# [What you are asked to do]
In the records below, the relevant part opens with the line containing "Choose your favorite!" and closes with the line containing "3. Bảo đảm cấp"; print that part exactly and only, without its pictures.

# [The data]

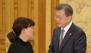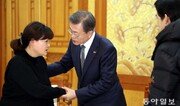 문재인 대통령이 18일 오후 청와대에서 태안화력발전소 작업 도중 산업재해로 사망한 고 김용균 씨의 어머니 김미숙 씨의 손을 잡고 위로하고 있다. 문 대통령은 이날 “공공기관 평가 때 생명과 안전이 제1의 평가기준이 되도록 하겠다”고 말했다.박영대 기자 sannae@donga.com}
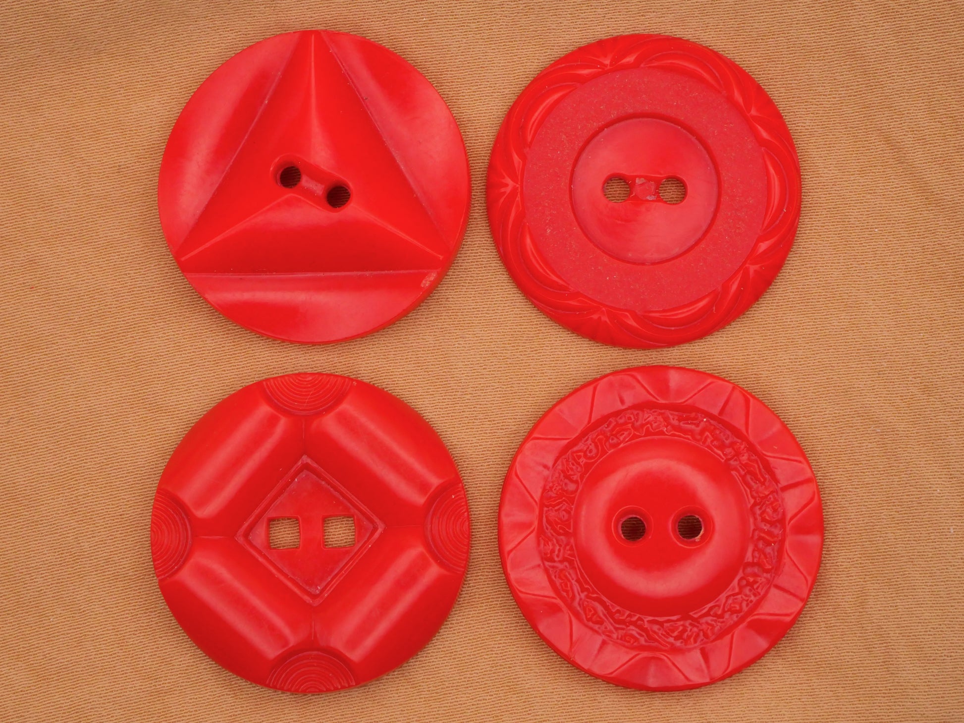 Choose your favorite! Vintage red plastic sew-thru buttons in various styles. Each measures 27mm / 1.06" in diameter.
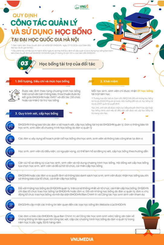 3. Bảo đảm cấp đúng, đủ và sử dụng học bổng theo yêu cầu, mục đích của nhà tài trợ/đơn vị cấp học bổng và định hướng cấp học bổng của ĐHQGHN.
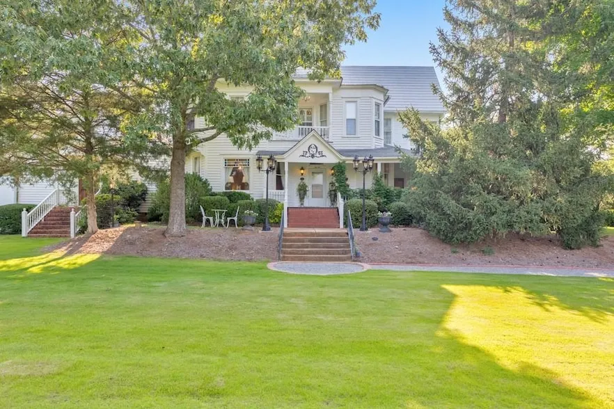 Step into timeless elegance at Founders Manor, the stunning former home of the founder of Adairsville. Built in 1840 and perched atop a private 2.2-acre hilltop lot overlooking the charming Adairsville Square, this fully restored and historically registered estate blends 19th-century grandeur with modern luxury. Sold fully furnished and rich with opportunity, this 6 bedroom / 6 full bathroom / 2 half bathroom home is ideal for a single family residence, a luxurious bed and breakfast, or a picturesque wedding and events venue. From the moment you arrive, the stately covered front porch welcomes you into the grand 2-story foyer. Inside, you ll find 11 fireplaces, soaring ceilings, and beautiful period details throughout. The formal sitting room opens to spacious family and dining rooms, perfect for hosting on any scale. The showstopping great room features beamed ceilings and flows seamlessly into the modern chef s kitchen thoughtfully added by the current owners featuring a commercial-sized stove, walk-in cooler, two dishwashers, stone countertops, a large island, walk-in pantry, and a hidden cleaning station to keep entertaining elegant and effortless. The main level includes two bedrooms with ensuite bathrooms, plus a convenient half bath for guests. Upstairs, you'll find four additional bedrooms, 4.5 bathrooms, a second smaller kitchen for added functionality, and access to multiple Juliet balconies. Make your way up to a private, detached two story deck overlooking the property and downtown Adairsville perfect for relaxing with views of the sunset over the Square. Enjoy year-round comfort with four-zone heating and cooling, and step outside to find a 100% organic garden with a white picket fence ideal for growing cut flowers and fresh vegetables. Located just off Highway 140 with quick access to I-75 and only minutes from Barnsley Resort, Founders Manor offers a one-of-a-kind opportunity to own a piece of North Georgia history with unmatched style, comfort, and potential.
--
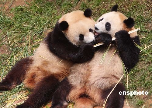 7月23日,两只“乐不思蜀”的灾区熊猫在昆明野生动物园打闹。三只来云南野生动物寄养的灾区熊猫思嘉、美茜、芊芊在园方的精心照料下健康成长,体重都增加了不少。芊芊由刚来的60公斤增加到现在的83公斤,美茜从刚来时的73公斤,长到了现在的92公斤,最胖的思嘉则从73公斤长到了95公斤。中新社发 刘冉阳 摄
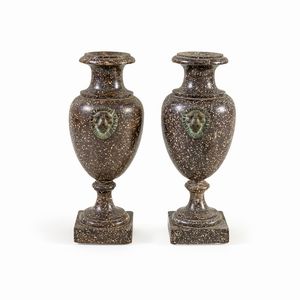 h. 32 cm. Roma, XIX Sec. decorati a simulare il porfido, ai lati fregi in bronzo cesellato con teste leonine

# [Solution to the problem]
 Choose your favorite! Vintage red plastic sew-thru buttons in various styles. Each measures 27mm / 1.06" in diameter.
 3. Bảo đảm cấp đúng, đủ và sử dụng học bổng theo yêu cầu, mục đích của nhà tài trợ/đơn vị cấp học bổng và định hướng cấp học bổng của ĐHQGHN.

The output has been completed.